All of what you're saying makes sense. At least now I know it's not the norm to be overly positive. She mentioned my dog has a "refined" face with chiseling around the cheeks. She showed me another dog related to her with a similar face, but lots more chin. She said my dog was moderate in lacking chin, not entirely chinless I guess. She said she moves nicely and has a nice outline. The breeder/handler said I shouldn't do dock diving until she's done showing. So, you make a good point there too. She's a top poodle breeder/handler and has good results, from what I've seen.


----------



## TerraFirma (12 mo ago)

rachelcu said:


> All of what you're saying makes sense. At least now I know it's not the norm to be overly positive. She mentioned my dog has a "refined" face with chiseling around the cheeks. She showed me another dog related to her with a similar face, but lots more chin. She said my dog was moderate in lacking chin, not entirely chinless I guess. She said she moves nicely and has a nice outline. The breeder/handler said I shouldn't do dock diving until she's done showing. So, you make a good point there too. She's a top poodle breeder/handler and has good results, from what I've seen.

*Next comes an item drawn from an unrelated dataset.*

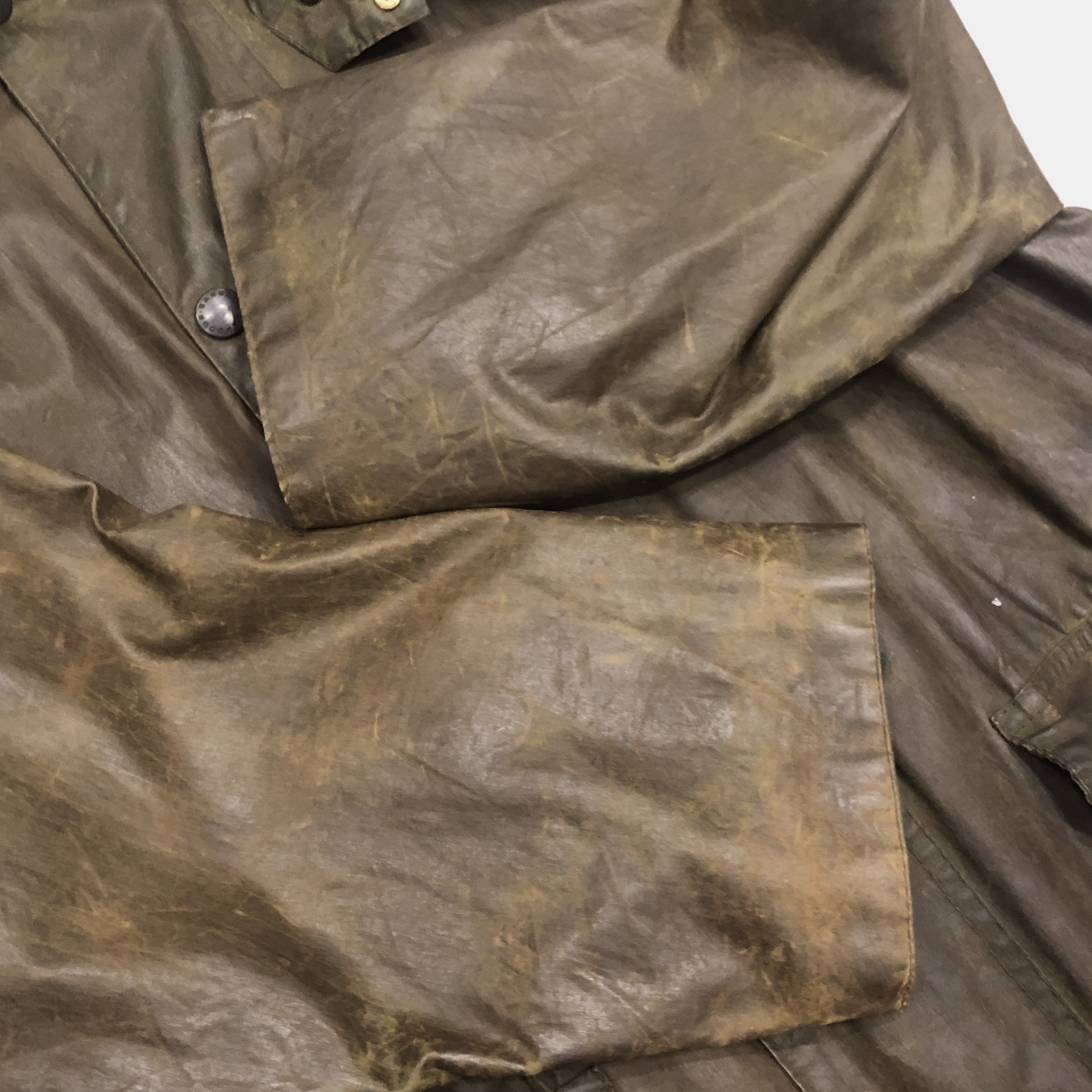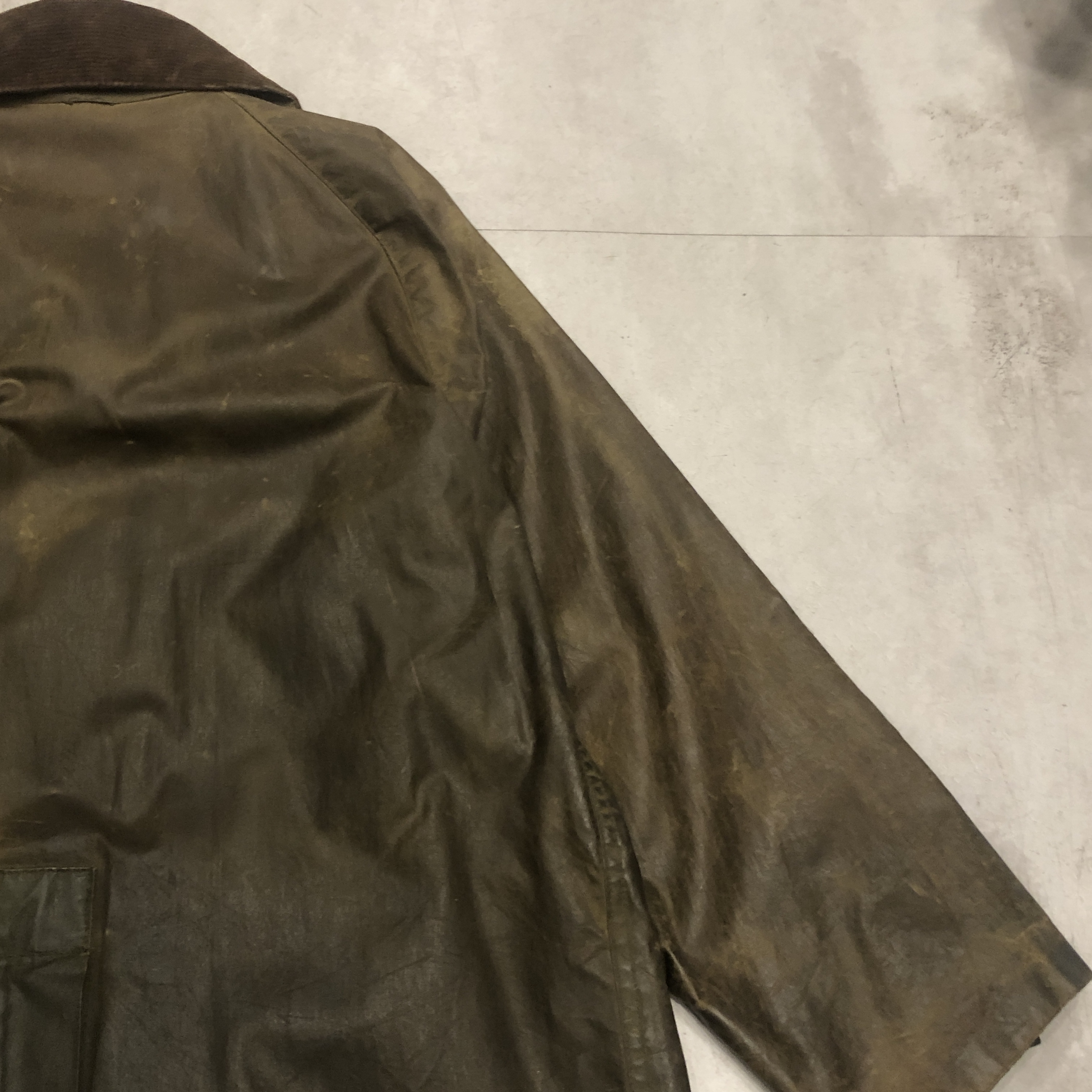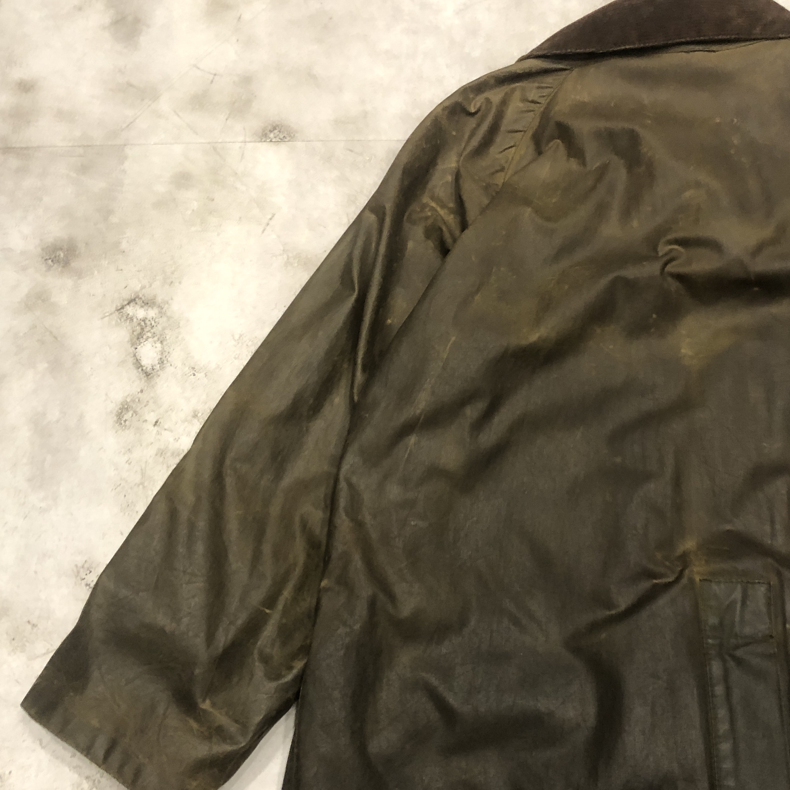 オリーブカラーは均一ではなく、時間と動きに応じて生まれた濃淡が重なり合い、まさに“育ったBarbour”という佇まいです。

I think you've got an exciting adventure ahead! I love a good moving dog. Has she talked to you about cavaletti exercises? You might get even more reach out of her. Hope you keep everyone posted on her progress.


----------



## rachelcu (6 mo ago)

TerraFirma said:


> I think you've got an exciting adventure ahead! I love a good moving dog. Has she talked to you about cavaletti exercises? You might get even more reach out of her. Hope you keep everyone posted on her progress.


She hasn't! I wasn't aware that was a thing you could do with your poodle. I'll look into it


----------



## RylieJames (Feb 3, 2016)

One key things to keep in mind when showing is that there is no "perfect" dog. Every dog has faults. And every dog has its strong points. The handler's job, while in the ring, is to best try to highlight the dog's best attributes while attempting to camouflage the faults. So, any one fault does not make a dog unable to finish.

As for evaluating her, this is not the best photo. You need a contrasting background so we can see her better. Also, the way you have her stacked--pulling her neck forward is not ideal. You want her to hold her head up and back. I posted an example of how you want to stack them below. Also, this is an awkward age for them and not the best time for an evaluation.

I think the most challenging part is learning how to raise a show dog. Coat care is different and you have to train them. They need to learn to stack and hold their head up. They need to learn to trot with their head held high. On show day, you can tell which dogs in the ring have the training and which ones don't. And it makes a difference. One thing I do with my dogs is I practice stacking them randomly throughout the day. And I rub their chin, encouraging them to hold their head high.

As for coat maintenance, that's a whole other subject all together. But it is essential to mastering if you want to have a competitive show dog. First thing, you need to protect the coat you have. That means no collars. No harnesses. Nothing on the coat. If you need a collar for walks, you'll need to buy a coat-protecting collar. There are several vendors that make them. Then, you need to get into a good weekly bath regimen. As soon as the coat is long enough, you'll have to start banding or wrapping the coat to prevent breakage.


----------